TOKYO (Reuters) - U.S. President Barack Obama on Saturday offered Myanmar the prospect of better ties with Washington if it pursued democratic reform and freed political prisoners, including opposition leader Aung San Suu Kyi.
Obama will be in the same room as the Myanmar prime minister when leaders of the Association of Southeast Asian Nations (ASEAN) hold their first meeting with a U.S. president in Singapore on Sunday. Obama has no intention of speaking directly to Lieutenant-General Thein Sein, U.S. officials have said.
The Obama administration has said it is pursuing deeper engagement with the military government in Myanmar, known in Washington by its former name Burma, and this month sent its highest-level delegation to the country in 14 years.
In a speech at the start of a four-nation tour of Asia in Tokyo, Obama said neither U.S. sanctions nor engagement by other nations had succeeded in improving the lives of Myanmar’s people.
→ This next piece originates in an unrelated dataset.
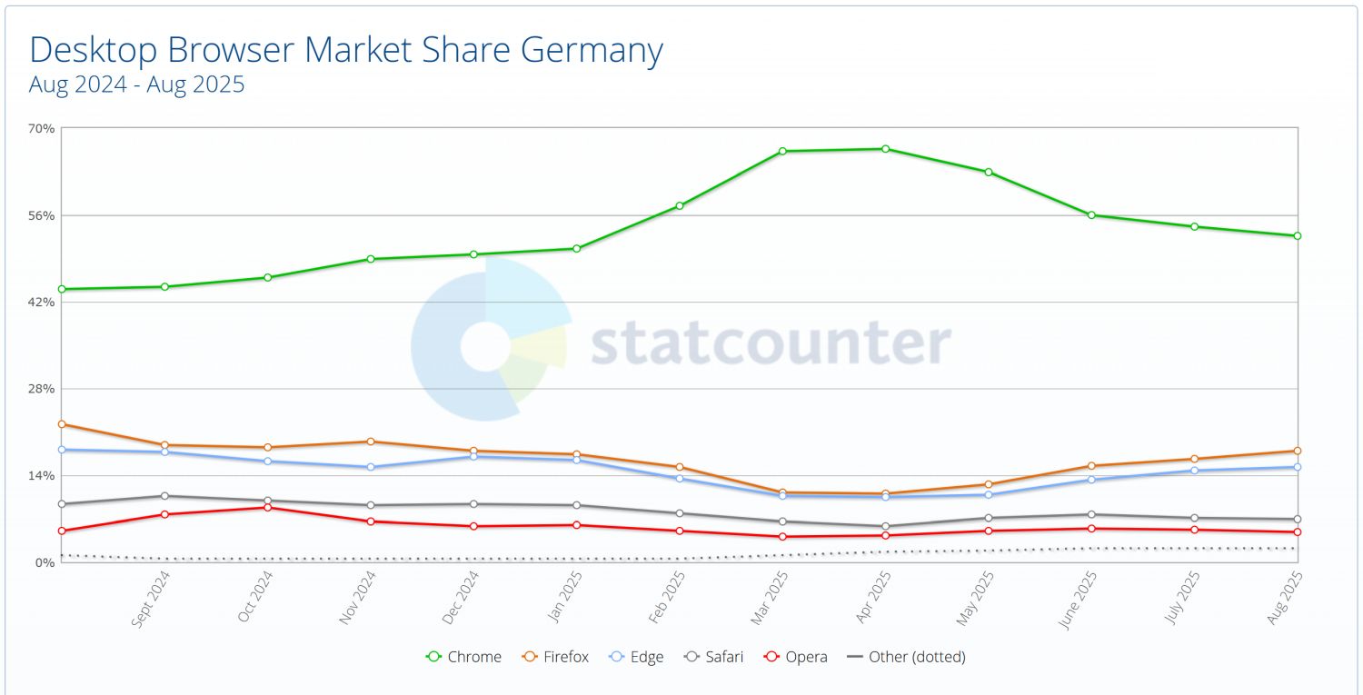 Schaut man sich das gesamte Diagramm an, kann man eher den Anfang von 2025 als Messfehler bezeichnen, während es sich jetzt wieder in die normalen Regionen über 40 Prozent einpendelt. Der damalige Aufschwung ging stark zulasten von Mozilla Firefox und Microsoft Edge, während die beiden jetzt wieder stark nach oben streben. Es ist nicht davon auszugehen, dass ganze 14 Prozent aller deutschen Internetnutzer innerhalb eines Jahres zwei Mal ihren Browser gewechselt haben.

“So we are now communicating directly with the leadership to make it clear that existing sanctions will remain until there are concrete steps toward democratic reform,” Obama said.
“We support a Burma that is unified, peaceful, prosperous, and democratic. And as Burma moves in that direction, a better relationship with the United States is possible.” Obama said the specific steps that were needed were the release of all political prisoners, including Nobel Peace Prize winner Suu Kyi, and a genuine dialogue between the government and the political opposition.
“That is how a government in Burma will be able to respond to the needs of its people. That is the path that will bring Burma true security and prosperity,” Obama said.
Obama had no plans for direct talks with Myanmar’s leaders during his meeting with ASEAN on Sunday, Secretary of State Hillary Clinton said this week, while adding that the opportunity might arise for her or Obama to meet the regime’s officials.
Obama’s meeting with ASEAN leaders takes place on the sidelines of a weekend summit of the Asia Pacific Economic Cooperation (APEC) forum in Singapore.
Myanmar’s military, which has ruled the country for almost 50 years, plans to hold multi-party elections in 2010.
Suu Kyi has spent more than 14 of the past 20 years in detention of one sort or another, mostly under house arrest.
Myanmar’s military government is shunned by the West over its rights record, which has kept previous U.S. presidents from meeting all 10 members of ASEAN, of which Myanmar is a part.
But since taking office less than a year ago Obama has greeted and spoken to leaders such as Venezuela’s Hugo Chavez who were avoided at international summits by his predecessor.
The Obama administration decided in September to pursue deeper engagement with Myanmar to try to spur democratic reforms. U.S. Assistant Secretary of State Kurt Campbell visited Myanmar last week.
Despite the increased diplomacy, Clinton said there were no plans at this stage to drop U.S. economic sanctions on Myanmar.